With over 1,400 ETFs and ETNs on the market today, it would appear that logical that all the good ETF ideas have been exhausted. That means new entrants to the game will be forced to copy previously existing concepts, and even if that is done with the promise of lower expense ratios, the first-to-market advantage is often too deep to overcome for many rookie ETFs.
Saying that most, if not all of the good ETF ideas have been used up in the industry's barely two decades of life is one way critics articulate that the pace of new ETF debuts has slowed in 2012.
"Just" 160 new ETFs have debuted to this point in 2012, down from 288 at the same juncture last year, the Wall Street Journal reported citing Lipper data. Clearly that must mean all the good ideas for new ETFs have been used up, right? Wrong. Here are some potentially attractive niches with existing voids ETF sponsors can fill in the years ahead. Just remember: These our ideas, not theirs.

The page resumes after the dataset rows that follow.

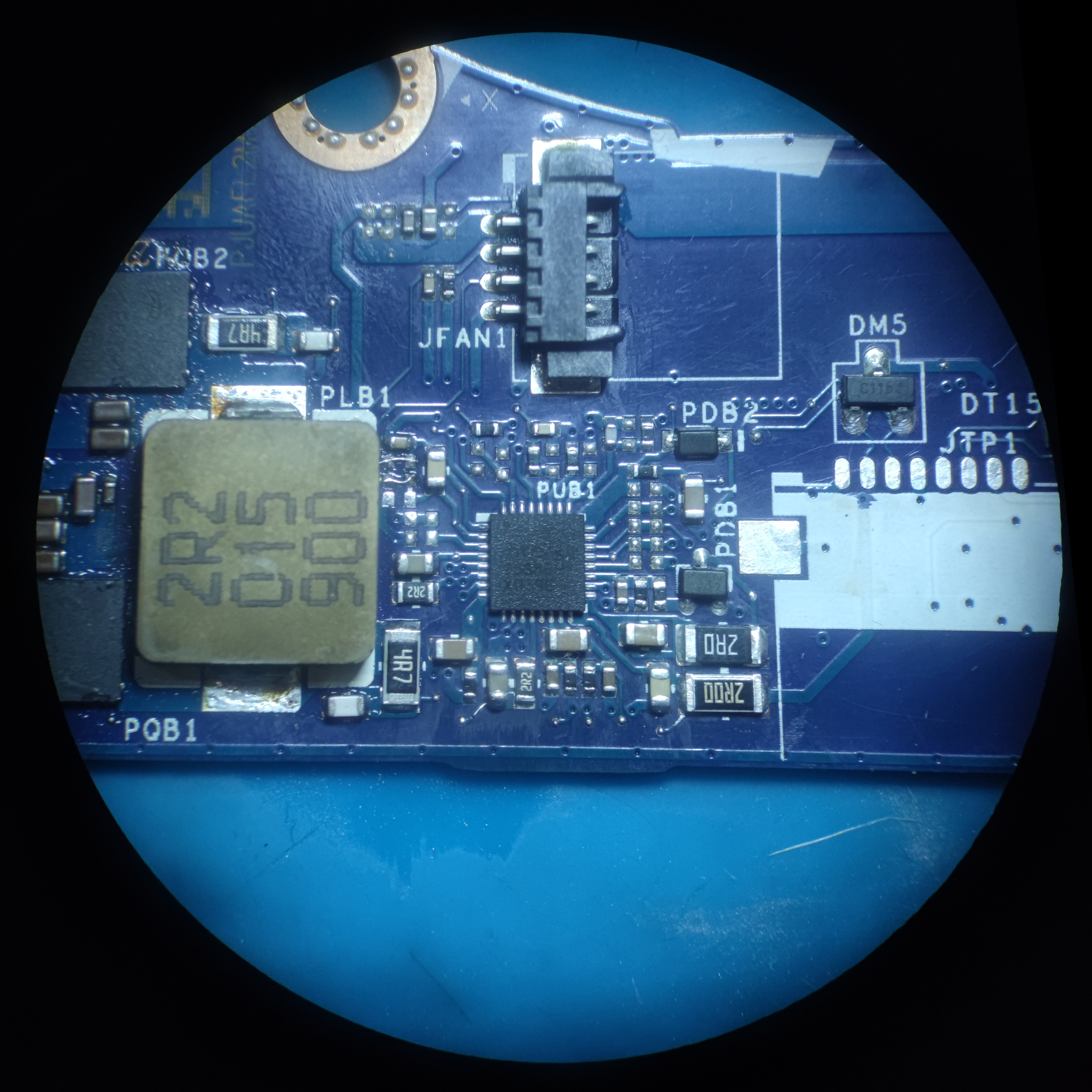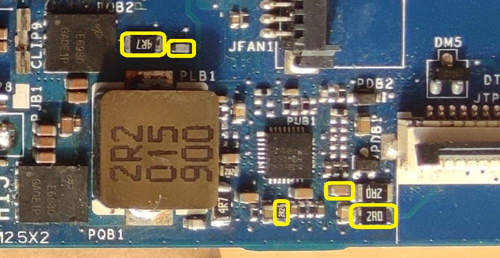 Komputer trafił do mnie po zalaniu w okolicach chargera, przetwornicy 3.3v, oraz obok złącza baterii. Płytę wyczyściłem, wymieniłem charger i rezystory na lini rezystora pomiarowego(na obecny moment są zrobione zworki zamiast 3 ohm), przetwornicę 3.3v z drobnicą, główny rezystor pomiarowy, oraz tranzystory PQB4(mark. P5) oraz PQB5 (mark. 8N) zidentyfikowane jako LMUN5113T1G oraz LMUN5236T1G zamieniłem odpowiednio TDTA144E oraz PDTC115EU.115.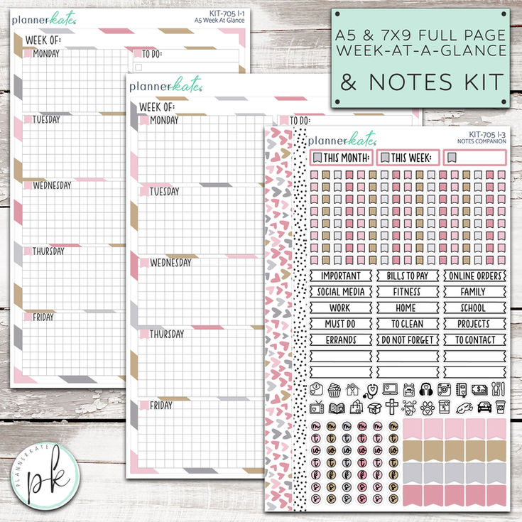 This listing is for the Full Page Week-At-A-Glance shells that were previously part of the daily duo listings as well as as our popular Notes Companion Sampler. Perfect for you Monthly or Weekly Notes pages.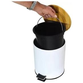 Lixeira 3 Litros Branca Com Pedal E Tampa De Bambu Redonda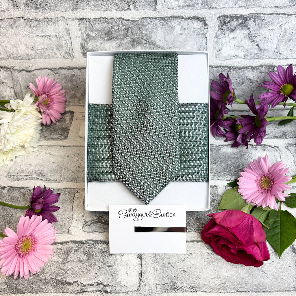 Dark Green Woven Wedding Tie Set, 1 of 6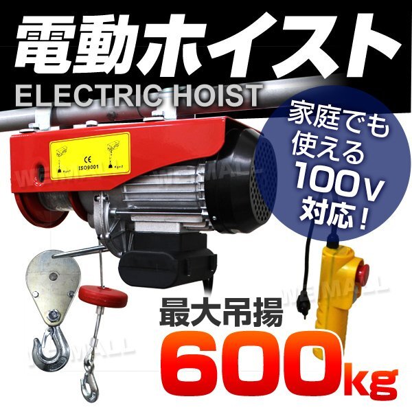 - 新品未使用 電動ホイスト 100V 最大600kg コントローラー付き 簡単設置 クレーン ホイスト ウインチ 吊り上げ 吊り下げ 倉庫 業務 家庭用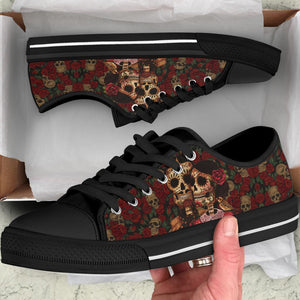 Skull Couple Rose Low Top Shoe - Love Low Top Shoes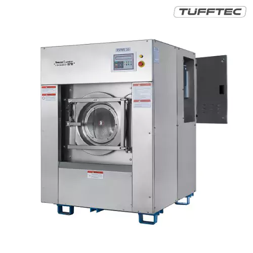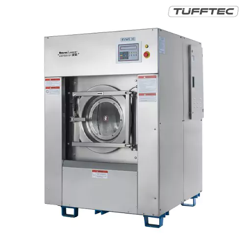 RVWE30 Washer Extractor – This Tufftec Washer Extractor is designed for professional needs. Innovative features like the LCD display makes it easy to use, select, and store wash programs. Robust stainless steel construction prevents rusting and ensures superior durability. Minimal time to fill and discharge water improves productivity and maximizes savings. Major Features Washer-Extractor – Fron Loading and Unloading High-Speed Extraction Fully Suspended soft mount types Stainless steel construction Fully Programmable PLC: Store 24 programs with large LCD Display showing complete message information of the program Pause and continue features are provided in case of a power outage. The preset programs can be easily modified. Japanese inverter drive – Single motor with visible frequency inverter drive render various speeds for washing, distribution, and low, medium, and high spin extraction, it also controls electrical peak load demands. Additional Features High Torque inverters and heavy-duty motors ensure high efficiency and low power consumption. Provided with 5-6 stainless steel chemical compartments. Safety feature Both auto and manual door lock mechanisms ensure the door stays closed during operation. Emergency stop switch Heavy-duty bearing housing and pully construction – Extremely rugged and resourceful machine for heavy-duty operations. Smooth operation with start-stop ensures the least wear and tear. Minimal time to fill and discharge water. Improves productivity and helps maximize savings.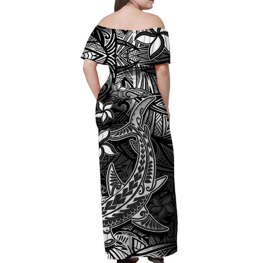 Polynesisches schulterfreies langes Kleid Schwarz Hawaiianischer Stammes-Hammerhai LT14
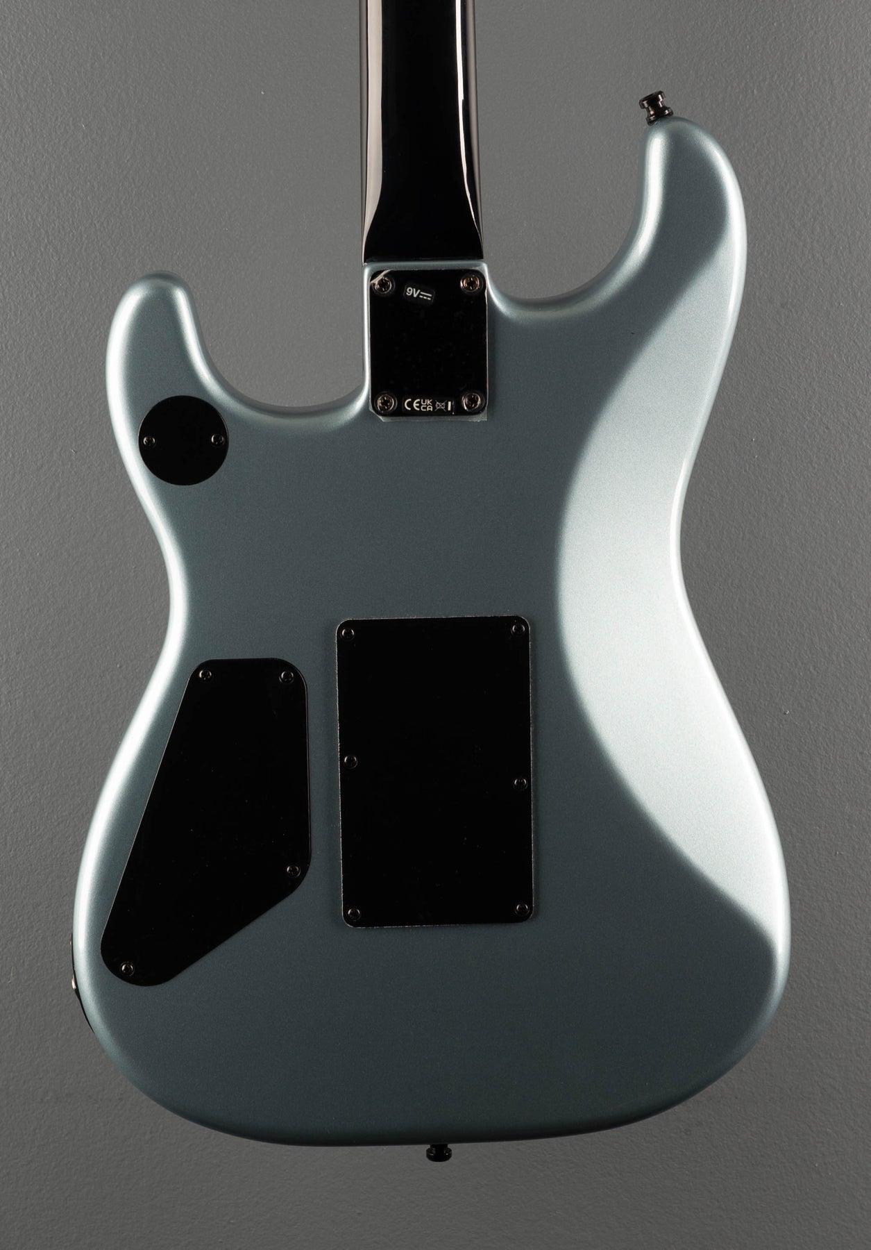 Ice Blue Metallic, Gloss Polyester finish, Alder body, Custom Flat "C" shaped Maple neck, 15" radius Rosewood fingerboard with the dot inlays and medium jumbo frets, 25.5" scale length, 1.625" nut width, EMG 85 bridge pickup and EMG H neck pickup, 3-way switching with the volume/volume/tone controls, Gotoh GE1996T Series Double-Locking Tremolo bridge, Deluxe cast/sealed locking tuners, 7.8 pounds, With the Deluxe Black Hardshell case.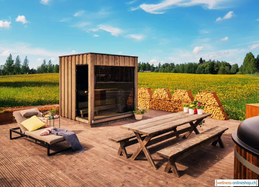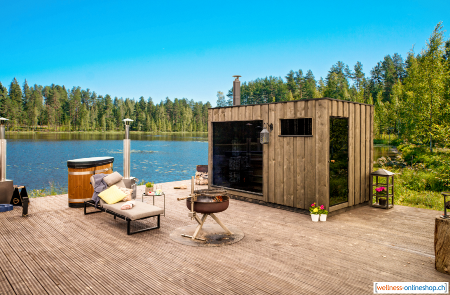 Die Kirami FinVision -sauna ist ein Musterbeispiel für das Ergebnis qualitativ hochwertiger Handwerksarbeit. Die fertig oberflächenbehandelte Sauna wird aus zugesägtem Nadelholz und Fichtenfurnierholz gefertigt. Im Inneren der Sauna herrscht eine gemütliche Atmosphäre, die jeden Entspannungssuchenden in Ihren Bann zieht. Dank der grossen Glasflächen kommt auch die Natur ganz nah an Sie heran. Wir sind uns sicher, dass selbst der unerfahrenste Saunagänger zu einem wahren Saunaenthusiasten wird, wenn er erst einmal in Saunastimmung gekommen ist. Wir glauben, dass die Sauna einer der beliebtesten Orte in Ihrem Garten werden wird.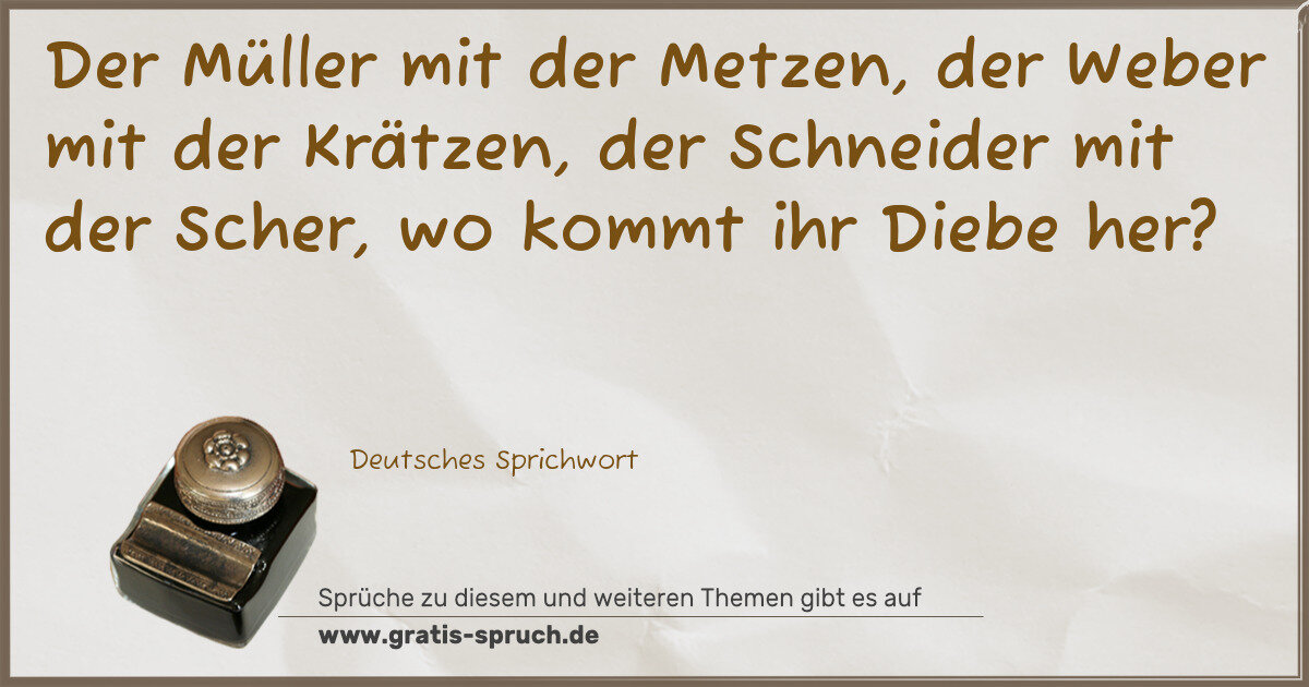 Der Müller mit der Metzen, der Weber mit der Krätzen, der Schneider mit der Scher, wo kommt ihr Diebe her?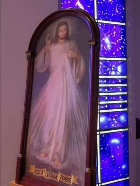 Beautiful, modern cathedral with colorful statues, the twelve stations of the cross, bright stained glass, light-filled rotunda, and amazing organ.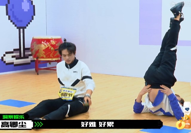 然后刘宇把他的动作做了一遍,然后小九跟好奇就跟着学。
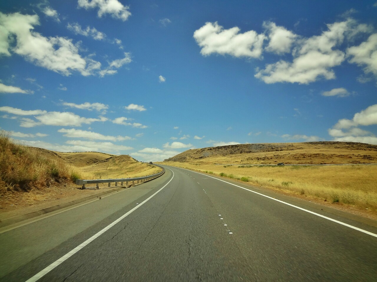 Hitro sva se podala na pot (po levi strani, seveda) in se kmalu znašla na samotni cesti čez pusto in samotno pokrajino. Ta naju je spremljala naslednjih pet dni.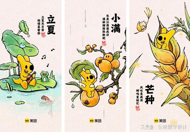 全速在为美团设计二十四节气插画海报时,通过仿水墨风的设计风格,融入节气特有的民俗及物候,营造节气氛围;文字搭配“长是江南逢此日,满林烟雨熟枇杷”“何似西窗谷雨茶,未知东郭清明酒”等诗意短句,传递节气文化内涵;在品牌关联方面,全速将美团IP“袋鼠团团”设定为“迷你版”,放入微观场景中,以动效设计增加画面趣味性,并将品牌LOGO+IP印章融入角落,强化品牌关联的同时避免喧宾夺主。
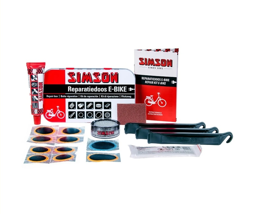 E-bikes worden vaak voor lange ritten gebruikt en tijdens het toeren is de bewoonde wereld niet altijd even dichtbij. Daarom heeft Simson een handige lekzoeker toegevoegd in de reparatiedoos. Met deze lekzoeker kan het lek zonder hulp van bijvoorbeeld een emmer water alsnog makkelijk gevonden worden. De kunststof bandenlichters voorkomen beschadigingen aan de aluminium velgen die veel e-bikes hebben. En om ervoor te zorgen dat u na het repareren van de band niet met vieze vingers het display van de e-bike gaat bedienen, is een setje handschoenen bijgevoegd.

Restaurant ETF Given the size and brand recognition of some publicly traded U.S. restaurant operators, the fact this ETF does not already exist is mind-boggling. There is no excuse because there is even a restaurant index just waiting to be used.
Think this concept would not work? Think again. Figure it this way. Panera Bread (NASDAQ:PNRA) has nearly quadrupled in the past five years. Chipotle (NYSE:CMG) has more than doubled while Buffalo Wild Wings (NASDAQ:BWLD) has jumped over 170 percent. If the restaurant ETF had come along even three years ago, investors likely would have been treated to some stellar gains.
More Country ETFs There is no denying investors love international ETFs, particularly the emerging markets variety. And investors have started to embrace frontier markets as well.
Given the popularity of ETFs tracking Brazil, China and plenty of small emerging markets, one might think the market for global funds is tapped out. Not really. That point can be illustrated in the form of a trivia question. Did you know that 10 of the world's 50 largest economies do not have a U.S.-listed exclusively devoted to them? Sure, that group includes Venezuela and Iran, which probably will not be getting ETFs anytime soon, but it also includes the United Arab Emirates and the Czech Republic, both of which stand as valid options for their own ETFs down the road.
India Bond ETFs Considering that India is the "I" in BRIC and the tenth-largest economy in the world, the country does not issue bonds at pace comparable to that of some other major economies. That coupled with previously tight restrictions on foreign ownership of Indian corporate and sovereign debt has made tapping the Indian bond market difficult, particularly through ETFs.
The WisdomTree Asia Local Debt Fund (NYSEARCA:ALD) offers a 5.6 allocation to India and that is the largest weight to the country among U.S.-listed bond ETFs. Interestingly, India just increased foreign ownership limits on its debt. The country raised the limit on corporate bonds issued by non-infrastructure companies by $5 billion to $25 billion and the total foreign investment allowed in Indian bonds to $75 billion from $65 billion, according to the Wall Street Journal.
It might take a while, but it is not unreasonable to expect the Indian debt market to become attractive to ETF sponsors in the coming years.